> **Work to complete**:
Restate the whole of the data below word for word, skipping the images.

═══ Available data ═══

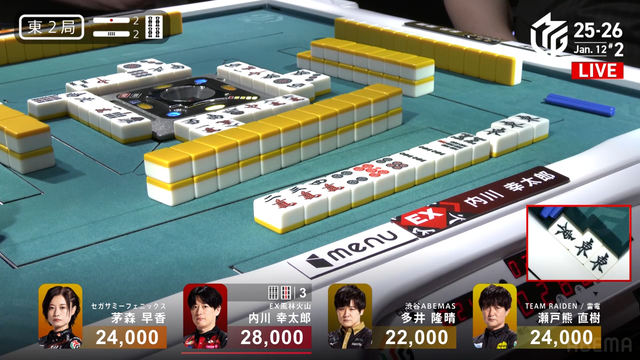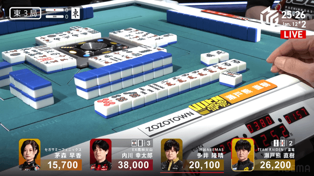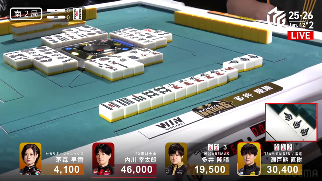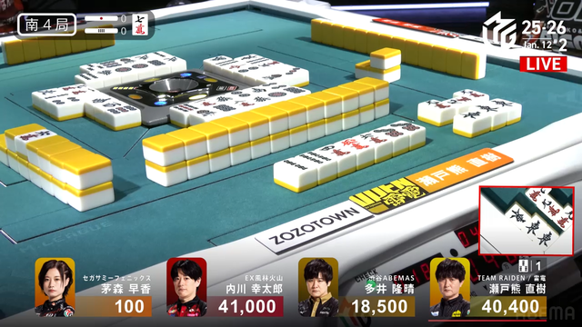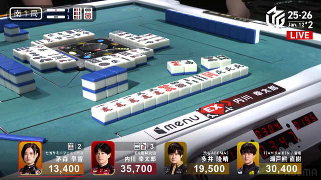 待ちで追いつく。しかし結果は内川と瀬戸熊の2人テンパイで流局。
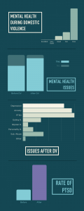 - After domestic violence, the highest reported mental health issues were PTSD: 67%, Anxiety: 64%, and Depression: 54%. Cases of PTSD went up by 233%.
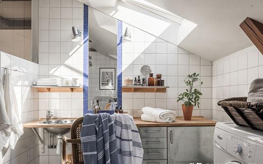 卫生间的墙面大多会采用瓷砖,而对于一个小空间来说,白瓷砖就是扩大空间的神器了。坡顶上的天窗引入阳光,明亮的光线将白色的墙壁白色的天花照的发亮,原本狭小低矮的空间显得开阔了不少。
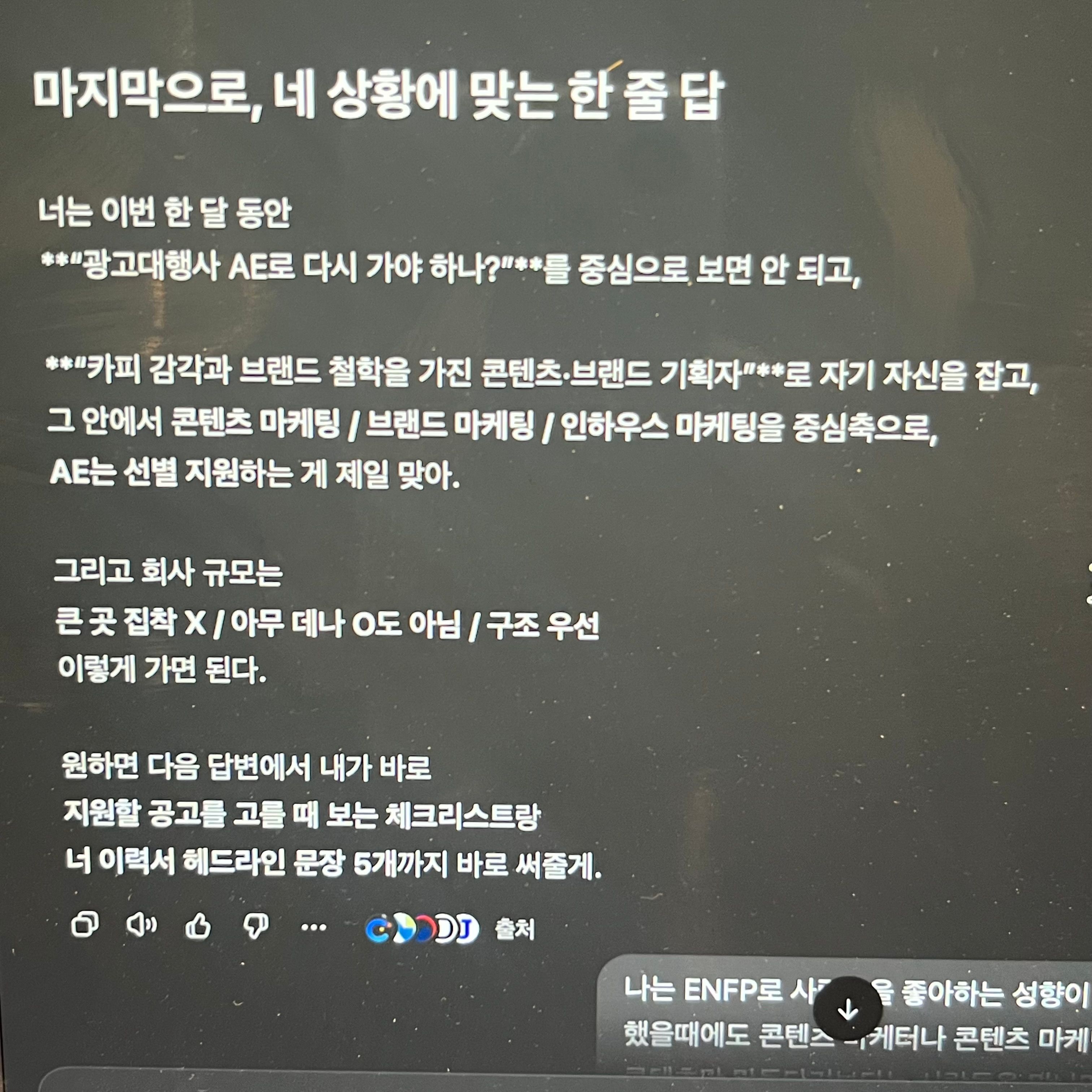 사람을 좋아해서, 사람과의 접점이 많은 AE를 해야만 한다고 생각했지만, 그 만남의 성격이 관계형성자체보단 프로젝트 조율과 관리에 중점이 있기 때문에 어려워한 것 같습니다. 그래서 혼자 몰입해서 무엇을 만들고 그걸 사람들에게 관계적으로 다가갈수 있는 일을 찾아보려고 합니다.

═══

> **Answer box**:
 待ちで追いつく。しかし結果は内川と瀬戸熊の2人テンパイで流局。
 - After domestic violence, the highest reported mental health issues were PTSD: 67%, Anxiety: 64%, and Depression: 54%. Cases of PTSD went up by 233%.
 卫生间的墙面大多会采用瓷砖,而对于一个小空间来说,白瓷砖就是扩大空间的神器了。坡顶上的天窗引入阳光,明亮的光线将白色的墙壁白色的天花照的发亮,原本狭小低矮的空间显得开阔了不少。
 사람을 좋아해서, 사람과의 접점이 많은 AE를 해야만 한다고 생각했지만, 그 만남의 성격이 관계형성자체보단 프로젝트 조율과 관리에 중점이 있기 때문에 어려워한 것 같습니다. 그래서 혼자 몰입해서 무엇을 만들고 그걸 사람들에게 관계적으로 다가갈수 있는 일을 찾아보려고 합니다.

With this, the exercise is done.